An exact, complete copy of the entries below is required, minus any pictures.
▼
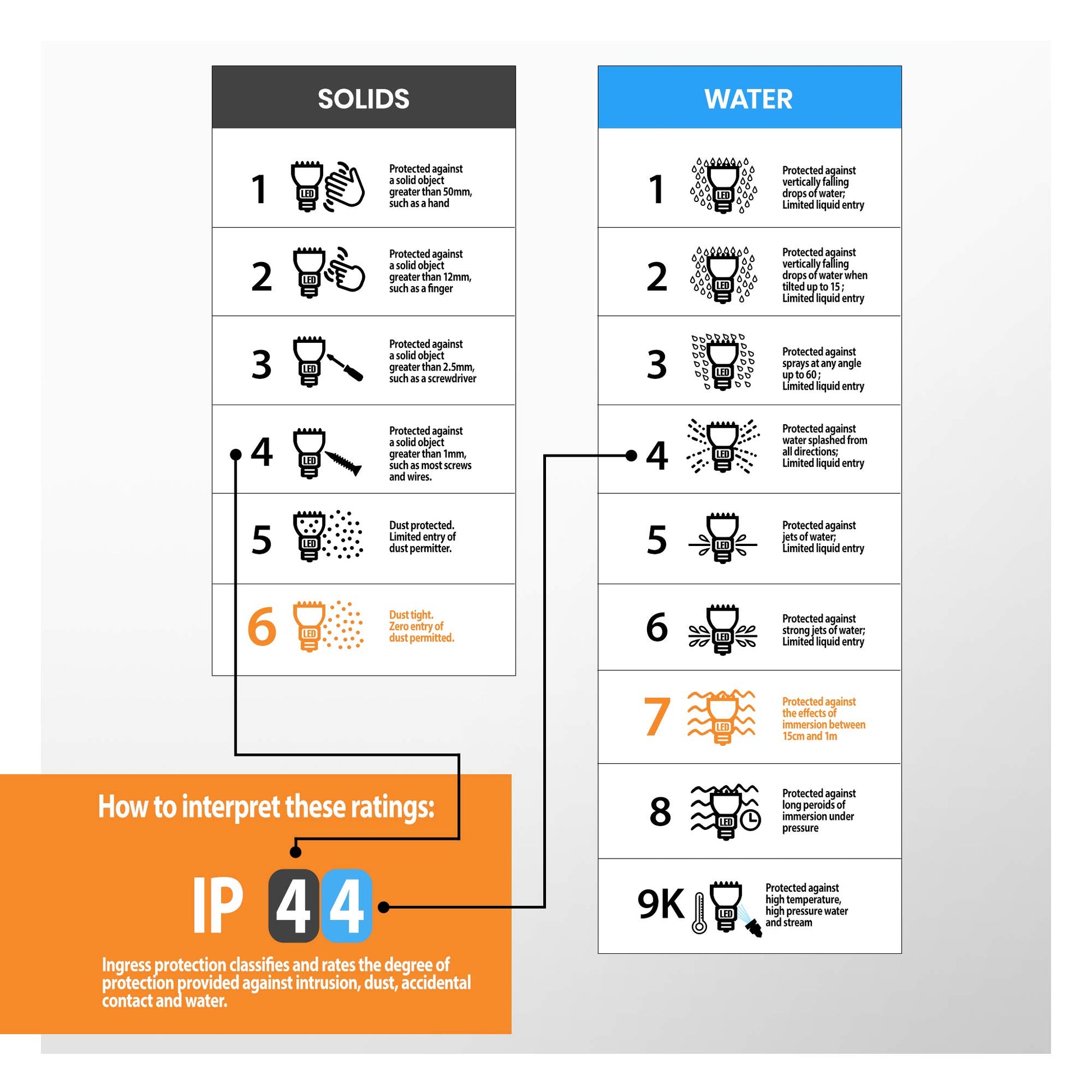 ✓ IP44 Rated: Suitable for indoor or outdoor use
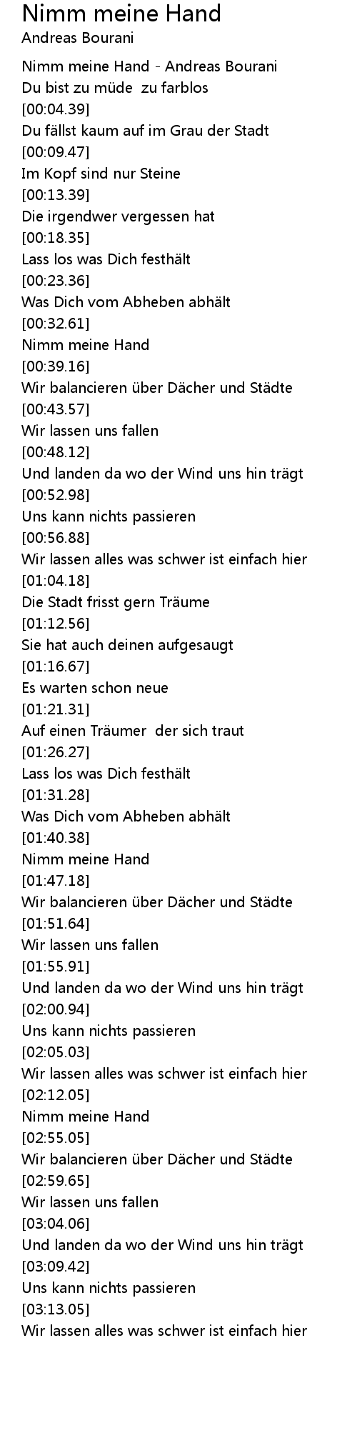 | [00:00.47] | Nimm meine Hand Andreas Bourani |
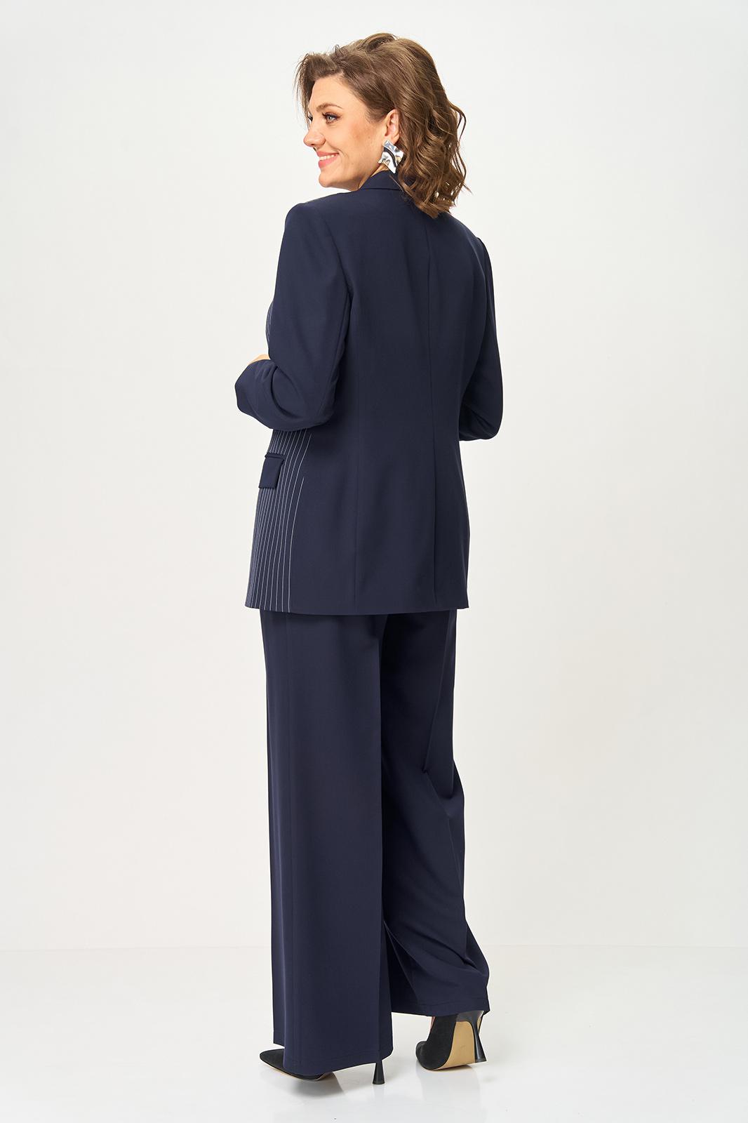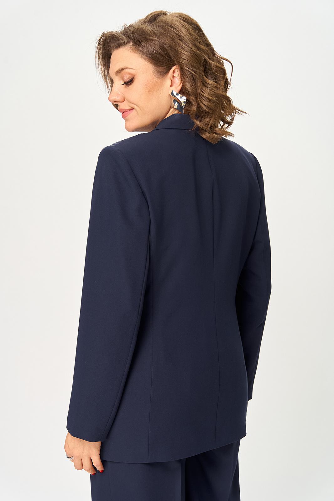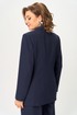 Полочка жакета с двубортной застежкой-трансформер на петли и пуговицы, вертикальными рельефами и прорезным карманом с клапаном. Левая полочка и лацкан правой полочки выполнены из отделочной ткани в полоску. Горловина V-образной формы, с отложными лацканами и воротником пиджачного типа. Спинка со средним швом и вертикальными рельефами. Рукав длинный, двухшовный, втачной.
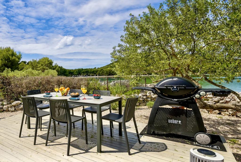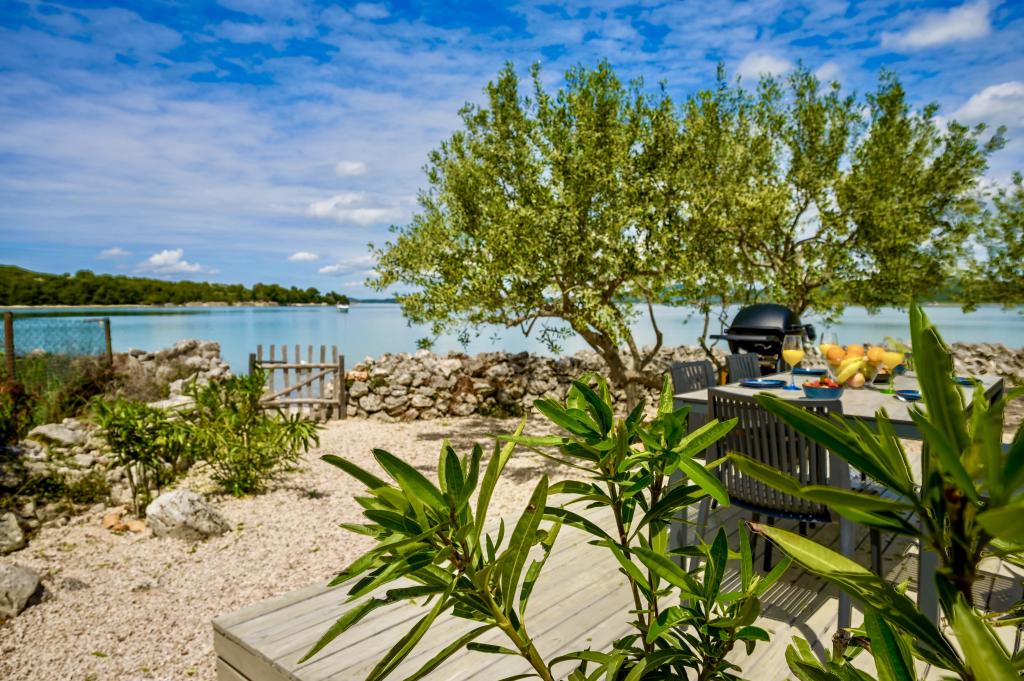 Das Mobilheim liegt nur wenige Schritte vom Meer entfernt. Die moderne Einrichtung der Wohnung trifft auf typisches Dalmatien. Umgeben von weißen Kieselsteinen und grünen Olivenbäumen und davor nur endloses Blau. Meer, Sonne und Wind erzeugen ein unbeschreibliches Spiel, das alle Sinne erfreut. Egal ob Sie in einem der beiden Schlafzimmer schlafen, Sie können das Blau des Meeres und die Glut der Sonne am Morgen genießen. Und von der voll ausgestatteten Küche mit allem, was Sie brauchen (einschließlich Geschirrspüler und Gefrierschrank) und dem geräumigen Esstisch bietet sich ein unbeschreiblicher Blick auf die Terrasse und all die Reize, die Sonne und Meer bieten. Egal ob Sie in der Küche eine Mahlzeit zubereiten oder auf der Terrasse grillen, absolute Ruhe und Privatsphäre sind Ihnen garantiert. Das Ziel eines jeden Urlaubs ist es, den Alltag und die Routine hinter sich zu lassen und genau das bietet unsere Anlage. Obwohl Sie von 8 ähnlichen Gebäuden umgeben sind, genießen Sie absolute Privatsphäre und Ruhe, da Ihnen alle den Rücken freihalten. Die einzigen Grenzen vor Ihnen sind der Himmel und das Meer.
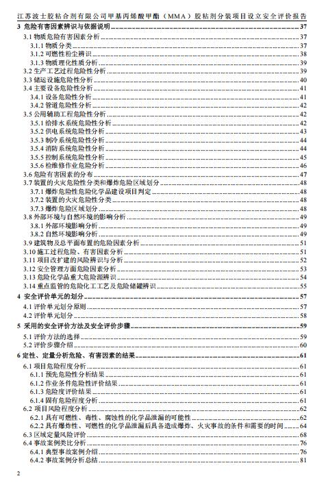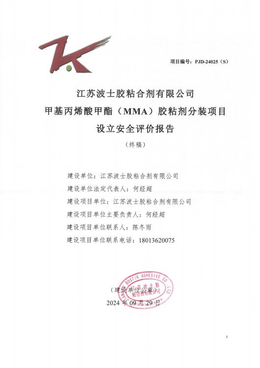 江苏波士胶粘合剂有限公司甲基丙烯酸甲酯(MMA)胶粘剂分装项目 设立安全评价报告
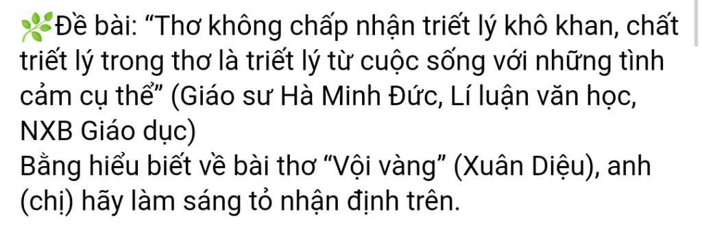 *Đề bài: “Thơ không chấp nhận triết lý khô khan, chất triết lý trong thơ là triết lý từ cuộc sống với những tình cảm cụ thể" (Giáo sư Hà Minh Đức, Lí luận
▲
> _Completed exercise_
 ✓ IP44 Rated: Suitable for indoor or outdoor use
 | [00:00.47] | Nimm meine Hand Andreas Bourani |
 Полочка жакета с двубортной застежкой-трансформер на петли и пуговицы, вертикальными рельефами и прорезным карманом с клапаном. Левая полочка и лацкан правой полочки выполнены из отделочной ткани в полоску. Горловина V-образной формы, с отложными лацканами и воротником пиджачного типа. Спинка со средним швом и вертикальными рельефами. Рукав длинный, двухшовный, втачной.
 Das Mobilheim liegt nur wenige Schritte vom Meer entfernt. Die moderne Einrichtung der Wohnung trifft auf typisches Dalmatien. Umgeben von weißen Kieselsteinen und grünen Olivenbäumen und davor nur endloses Blau. Meer, Sonne und Wind erzeugen ein unbeschreibliches Spiel, das alle Sinne erfreut. Egal ob Sie in einem der beiden Schlafzimmer schlafen, Sie können das Blau des Meeres und die Glut der Sonne am Morgen genießen. Und von der voll ausgestatteten Küche mit allem, was Sie brauchen (einschließlich Geschirrspüler und Gefrierschrank) und dem geräumigen Esstisch bietet sich ein unbeschreiblicher Blick auf die Terrasse und all die Reize, die Sonne und Meer bieten. Egal ob Sie in der Küche eine Mahlzeit zubereiten oder auf der Terrasse grillen, absolute Ruhe und Privatsphäre sind Ihnen garantiert. Das Ziel eines jeden Urlaubs ist es, den Alltag und die Routine hinter sich zu lassen und genau das bietet unsere Anlage. Obwohl Sie von 8 ähnlichen Gebäuden umgeben sind, genießen Sie absolute Privatsphäre und Ruhe, da Ihnen alle den Rücken freihalten. Die einzigen Grenzen vor Ihnen sind der Himmel und das Meer.
 江苏波士胶粘合剂有限公司甲基丙烯酸甲酯(MMA)胶粘剂分装项目 设立安全评价报告
 *Đề bài: “Thơ không chấp nhận triết lý khô khan, chất triết lý trong thơ là triết lý từ cuộc sống với những tình cảm cụ thể" (Giáo sư Hà Minh Đức, Lí luận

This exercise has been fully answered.